Image Description: A black and white image of a group of 13 women, with one man at the rear. Some of the women are wearing shirts and ties, others dresses or skirts. The figures appear through a tightly woven mesh on which very small light coloured dots and hexagons are spread, as if across a view of a galaxy. The central female figure appears darker, as if in shadow.
‘The figure of Beyer-Volger in Beese’s image was later submitted to digital ‘burning’, in an attempt to reinforce her presence in the image. However, the process resulted in her ‘disappearing’ into a darker, more shadowy space, which conveys a sense of her erasure in the Consemüller’s image. Another unexpected outcome was that the multi-chrome reflections on the metallic fragments created a self-reflexive mechanical loop, where the scanner ‘sees it self seeing’. The high-resolution scanning processes also created a digital fusing of textile and photographic image, making possible new readings of the archival through the merging of the real and the photographic.’

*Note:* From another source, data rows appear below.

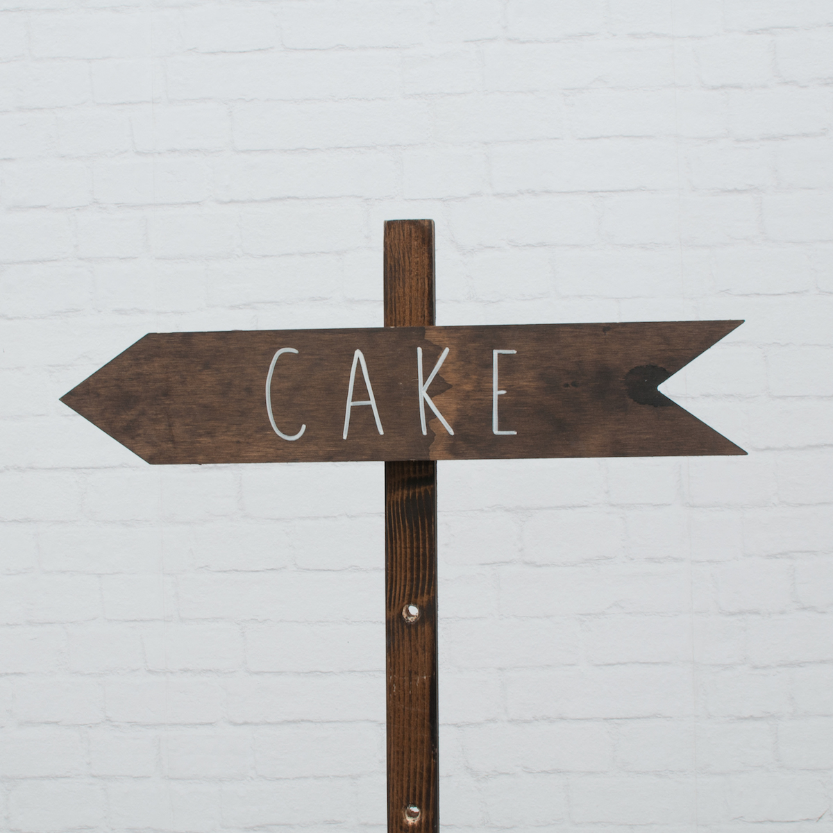 Wegwijzer cake links. Makkelijk te bevestigen op onze wegwijzerpaal met de bijgevoegde vlindermoer.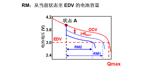 下面介紹的是電池的剩余容量。剩余容量是指當前狀態(tài)放到EDV的電池容量,EDV也就是終止放電電壓。圖中當前狀態(tài)A在一個給定的電流下進行放電,放電到3.0V的時候,對應(yīng)的剩余容量從圖中標出的就是R1。那如果在狀態(tài)A的情況下,同比較大的電流放電,這個時候這個曲線的位置會比開路電壓更低一點,也會比剛才的小電流放電的RM1對應(yīng)的位置更低一點,那這個時候得到的剩余容量是RM2。RM2和RM1對應(yīng)的放電曲線它們的區(qū)別在于使用的放電電流是不一樣的,放電電流越大,曲線的位置越低,剩余容量就越小,所以電池的剩余容量是與放電速率有關(guān)的,不同的電流下面電池的剩余容量是不一樣的。有的用戶在電池的實際使用過程中在放電的情況下,會發(fā)現(xiàn)電池的容量由少變多,他感到不可理解,實際這里可以解釋一下,這種情況是由于放電電流的變化造成的,當我們看到電池容量由少變多的情況,這個通常是由于放電電流突然變小造成的,因為在不同的電流下電池可以放出的容量是不一樣的,當放電電流變小的時候,它可以放出的容量是可以增加的。
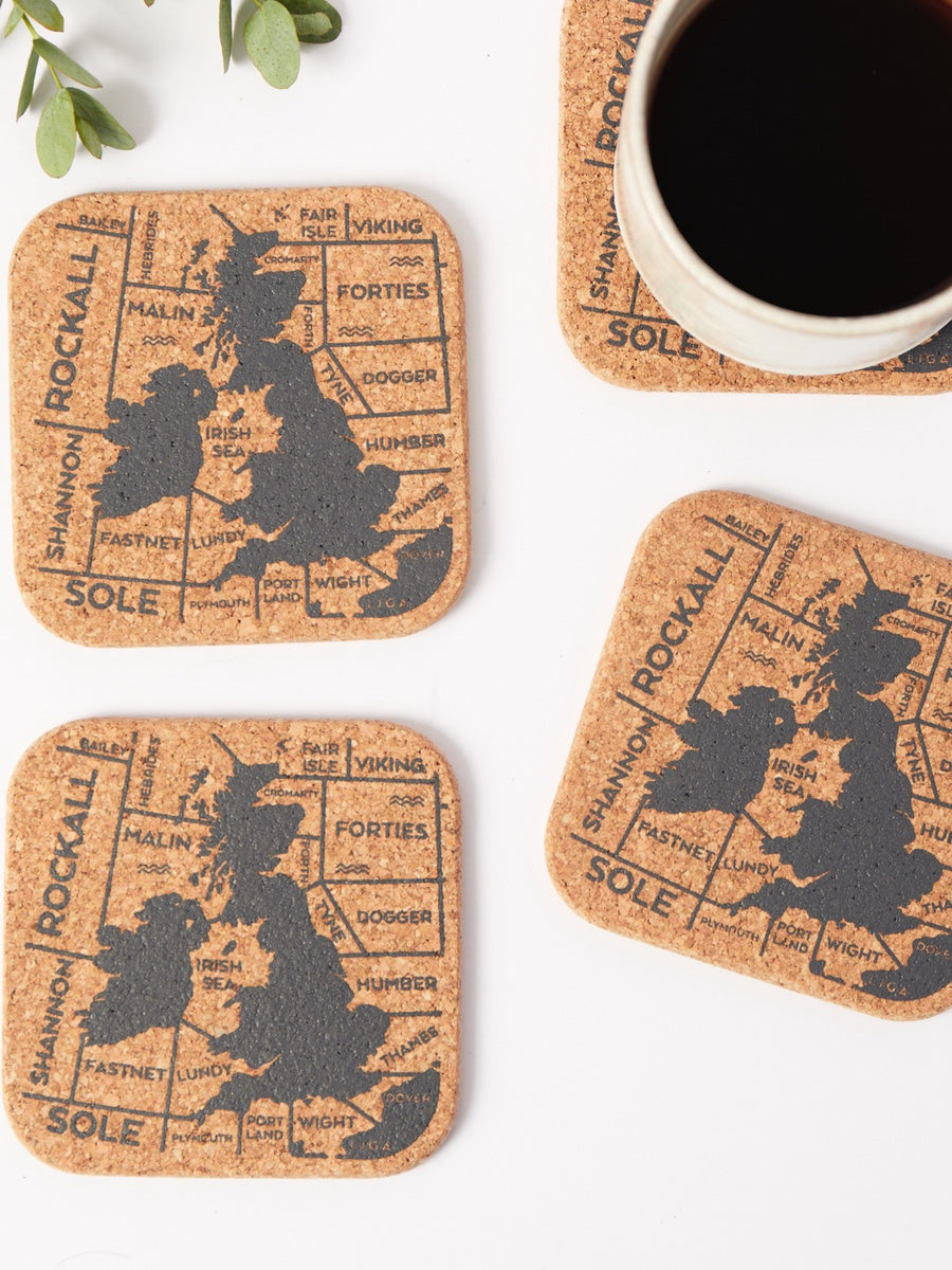 Liga's Natural Cork Collection is made from organic cork, a sustainable and regenerative material. These Liga Cork Coasters celebrate a century of the Shipping Forecast – a true British national treasure. For one hundred years, its soothing, familiar tones have offered comfort and reassurance, both to those at sea and to those on land. Whether guiding mariners through their voyages or helping insomniacs find rest, the Shipping Forecast has become an iconic part of British life. The perfect eco-coaster for the kitchen or the dining table. Sustainable, stylish and practical this set of four square cork coasters is a great addition to any home and will bring warmth and natural style to any table setting.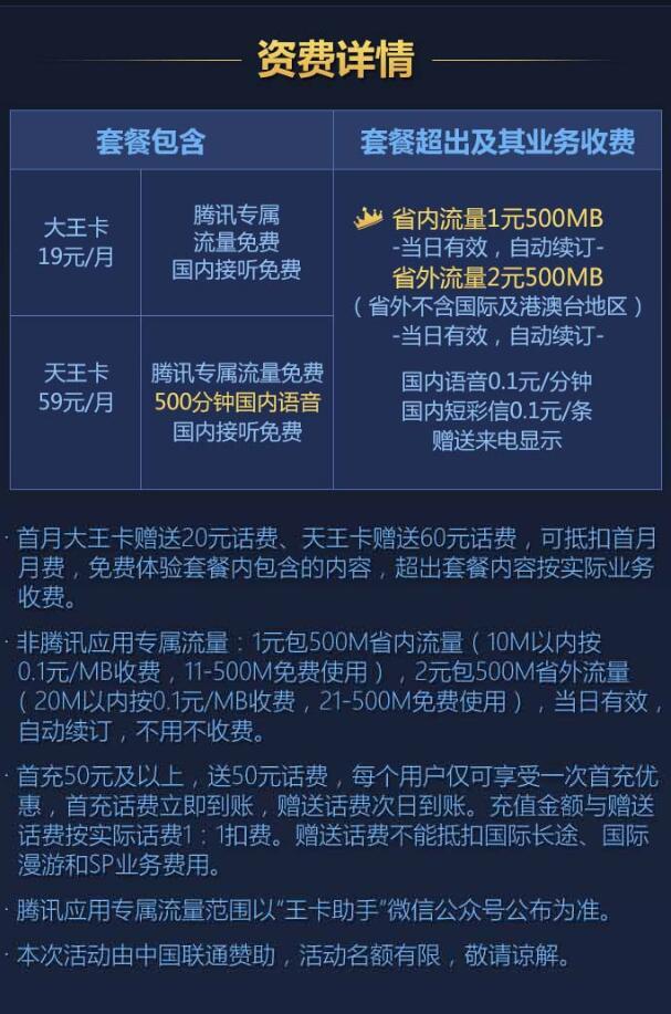 具体资费方面,腾讯大王卡省内流量 1 元 500 MB ,省外流量 2 元 500 MB ,当日有效,自动续订。但大王卡月租费仅 19 元,腾讯天王卡月租费升至 59 元。
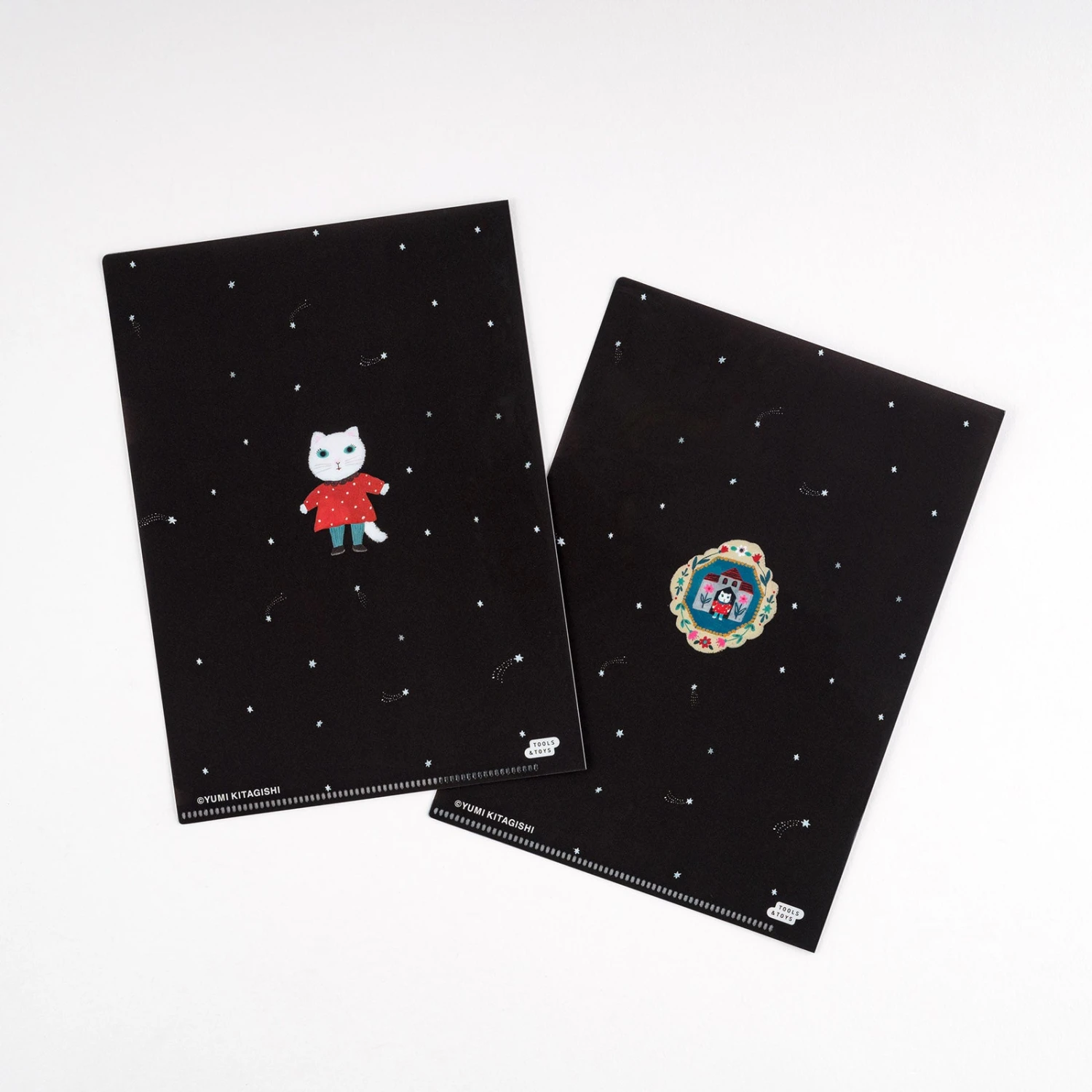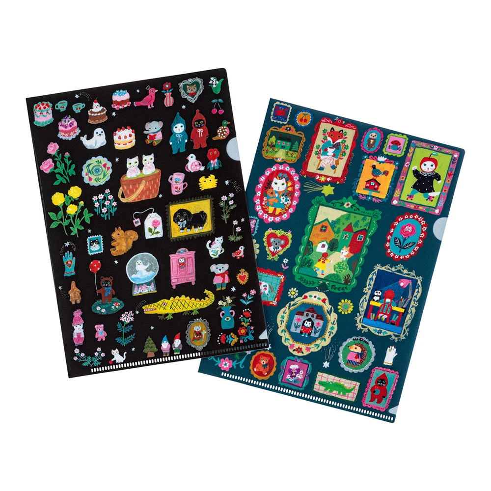 This set of 2 folders fits perfectly into the pockets of A5 size Hobonichi Techo covers. Two designs by illustrator Yumi Kitagishi were chosen for the set of 2.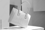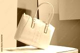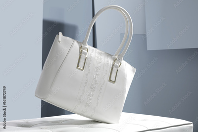 A large white women's shopping bag on a white pouf and a bright wall in the interior.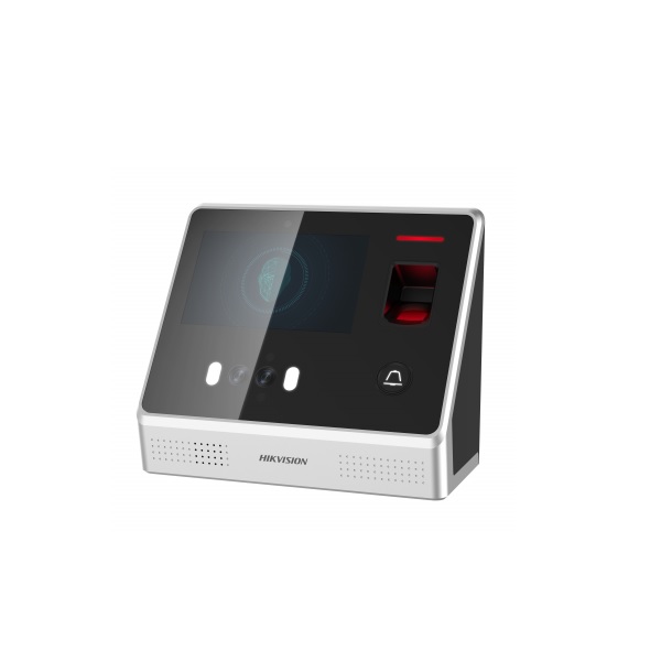 Hikvision DS-K1T605MF-B - терминал доступа с распознаванием лиц, встроенным считывателем Mifare карт и считывателем отпечатков. 5" цветной TFT LCD экран с разрешением 800x600; хранилище: 100000 событий, 2000 лиц; 5000 карт; 5000 отпечатков; uplink интерфейсы: TCP/IP, WIFI; 1 USB; Питание DC12В; 24Вт. Встроенная литиевая батарея. Рабочие условия -15 °C...+50°C. Размер 190x157x98мм. Пластик.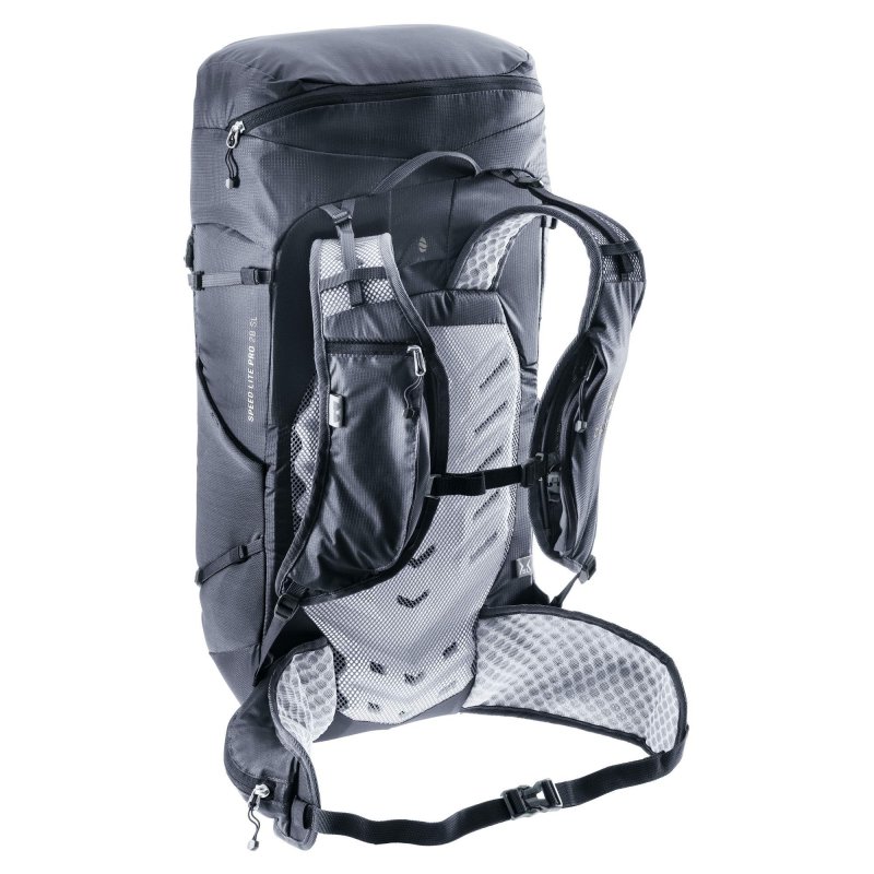 Seine sportive Natur merkt man dem Speed Lite Pro 28 SL schon an seiner durchdachten Raumaufteilung an. So bietet der Tagesrucksack insgesamt vier Fächer auf den Schultergurten und Hüftflossen, damit du auch mit geschultertem Rucksack an eine Softflask (siehe Zubehör), das Handy oder den Energieriegel kommst. Das Tragesystem ist ebenfalls für bewegungsintensive Aktivitäten ausgelegt. Ergonomische Schultergurte und ein körpernah aufliegender Kontaktrücken sorgen für einen stabilen Sitz, während Belüftungskanäle, Perforationen und ein Meshbezug ausreichend Luft an Schultern und Rücken lassen. Mit 740 g ist der Tagesrucksack zudem ein echtes Leichtgewicht.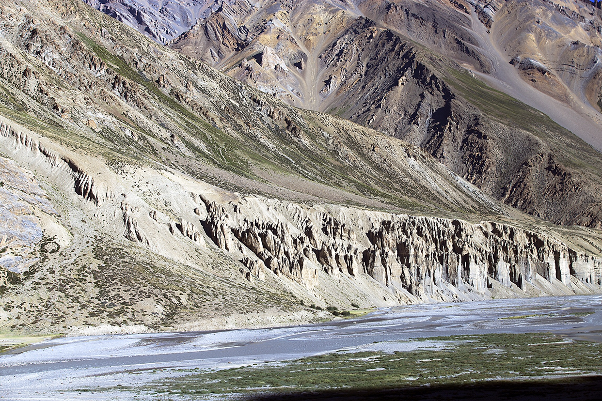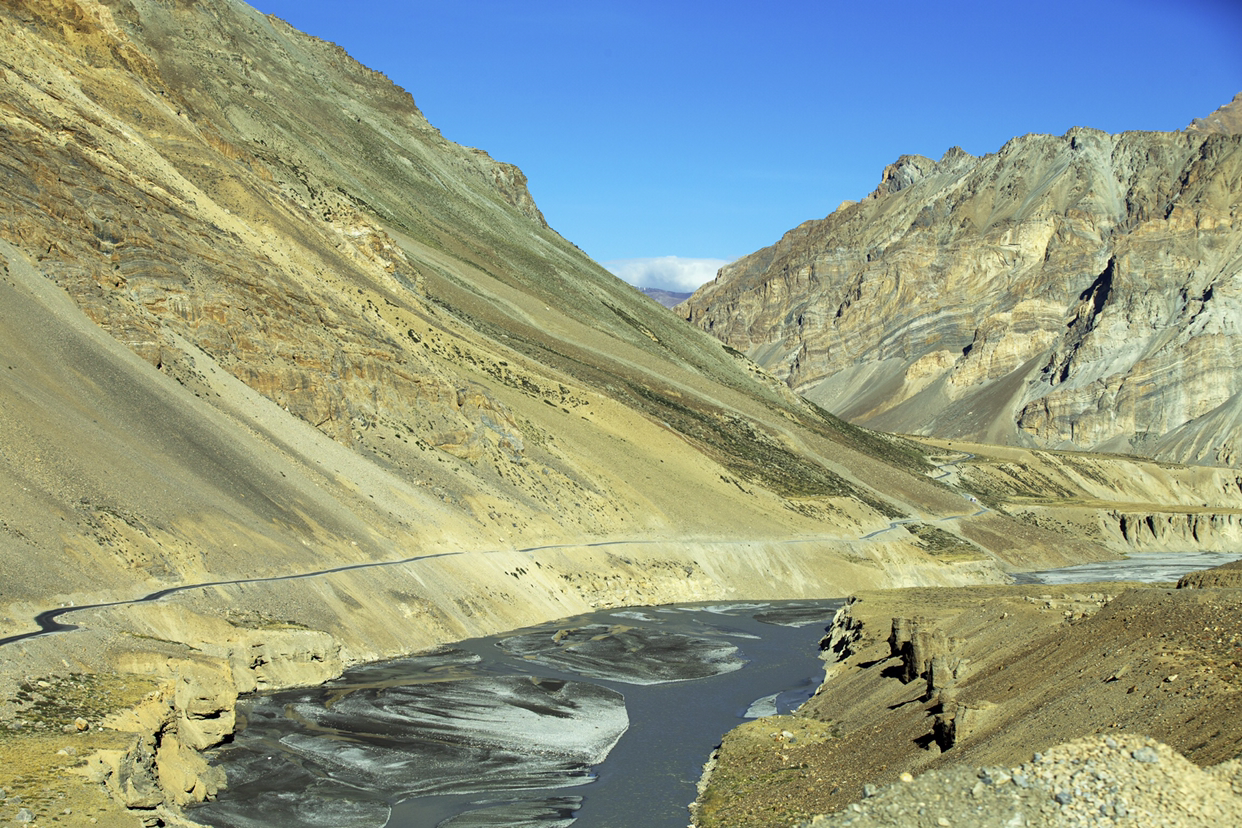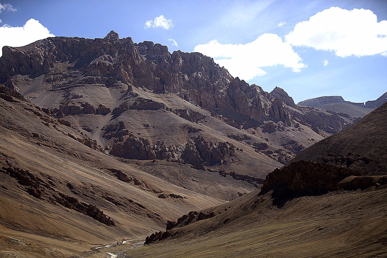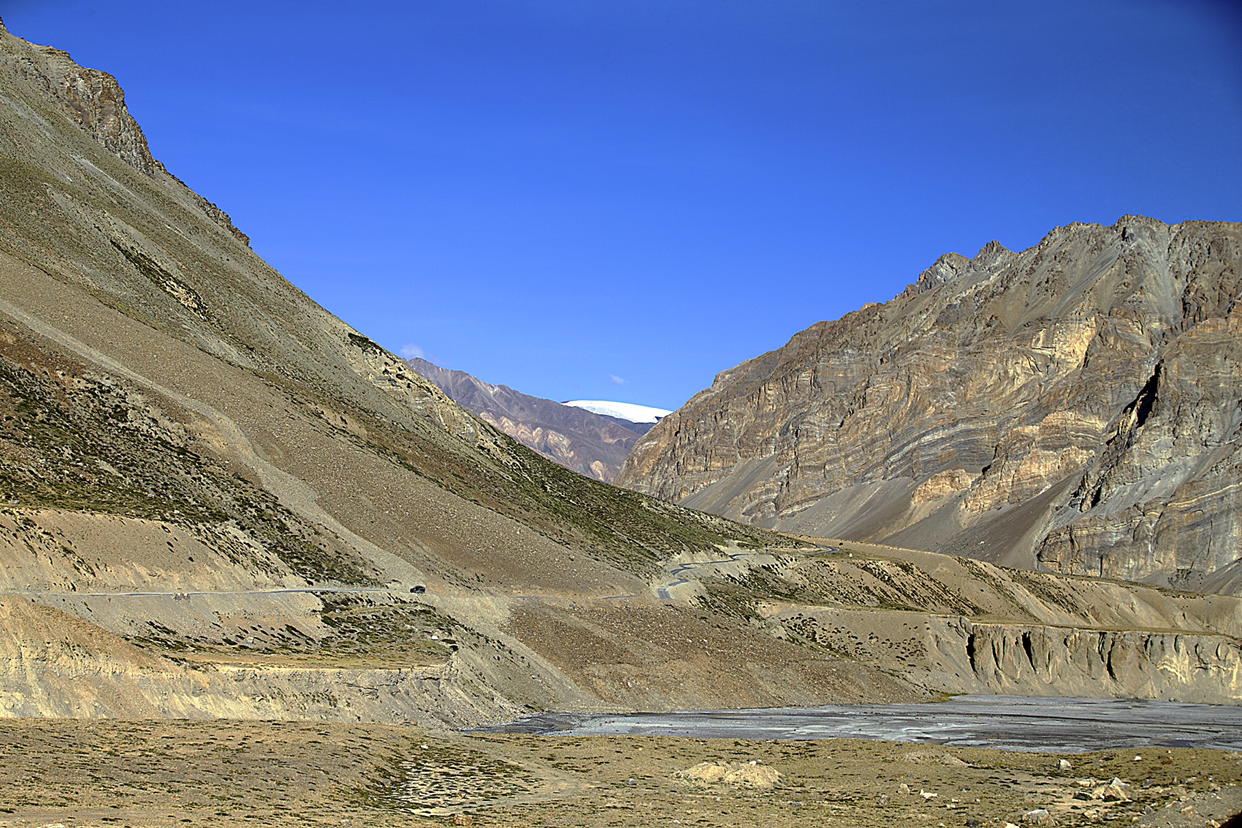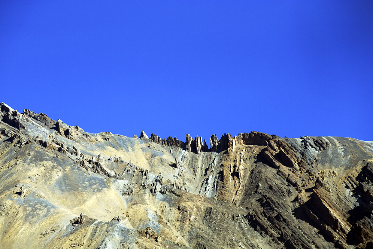 원시적 황량함과 태고적 아름다움을 함께 간직한 북인도 오지의 풍광밖에는 눈에 들어 오는 곳이 없는 그런 산속이다. 풀 한포기 자라지 않은 그런 벌거숭이 산들이지만 그래도 푸른 하늘아래에서는 거칠은 아름다움은 잃지않고 우뚝 솟아있다.

For Abbott’s El at Columbus and Broadway, Avenue (2023), Murdoch’s starting point was a photograph of a New York City street scene by Modernist photographer Berenice Abbott. The silver gelatin original, titled The El at Columbus Avenue and Broadway, Lincoln Square, (1929), was taken from a high vantage point and abstracts the statue of a horse and several anonymous pedestrians, the most legible of which is a figure who embodies the ‘New Woman’ of the 1920s. Abbott is known for her iconic images of 20th Century American cities, and key figures in the Modernist movement, and has been the subject of other recent projects at Belmacz and Mimosa House. In Murdoch’s reworking, Abbott’s photograph was digitally manipulated and colour saturated, the central area excavated and rendered in negative, so that the statue and some of the figures are severed or appeared twice. Like Constellation, this work addresses issues of photographic ‘looking’, and creates plastic and layered spaces, which operate in the field of power and absence, via the partial, the incomplete, the crop and the edit.
Sadie Murdoch
In Sadie Murdochʼs recent projects, chromatic anomalies and unstable readings are deployed in order to provide an insight into the ways in which the photographic codes and conventions of Modernism emerge from the repression of subversive counter-narratives.
Born in 1965 in Hexham, Sadie Murdoch studied at Chelsea College of Art and Design and Leeds Metropolitan University. She was a student on the Whitney Museum of American Art Independent Study Program, New York from 2003-2004, and an Abbey Rome Scholar at the British School at Rome in 2002.
Murdoch’s solo exhibition in 2016, SSS-MM, at the Museum Haus Konstruktiv in Zürich, was accompanied by her artist book Omnipulsepunslide, published by Artphilein Editions.
She has staged other one-person exhibitions at the Henry Moore Institute, Leeds (2007), the Agency, London (2008 and 2011), and the Henry Peacock Gallery and Domobaal, London (2002). Her work has been featured in group exhibitions including The Baroness, Mimosa House, London (2022), Utopia in Crisis, Bauhaus-Universität, Weimar, Rhapsody in Blue, Villa les Zéphyrs, Westende, I Dialogue Kinch,Belmacz, London (2021), Spectral Metropole, atthe Vžigalica Gallery, City Museum of Ljubljana, Slovenia (2012),and Gets Under the Skin at the Storefront for Art and Architecture, New York (2010). Her performance at Belmacz with Abbas Zahedi and Toby Upton, A Case of Med(dling)tation, was included in Performance Exchange, in 2021.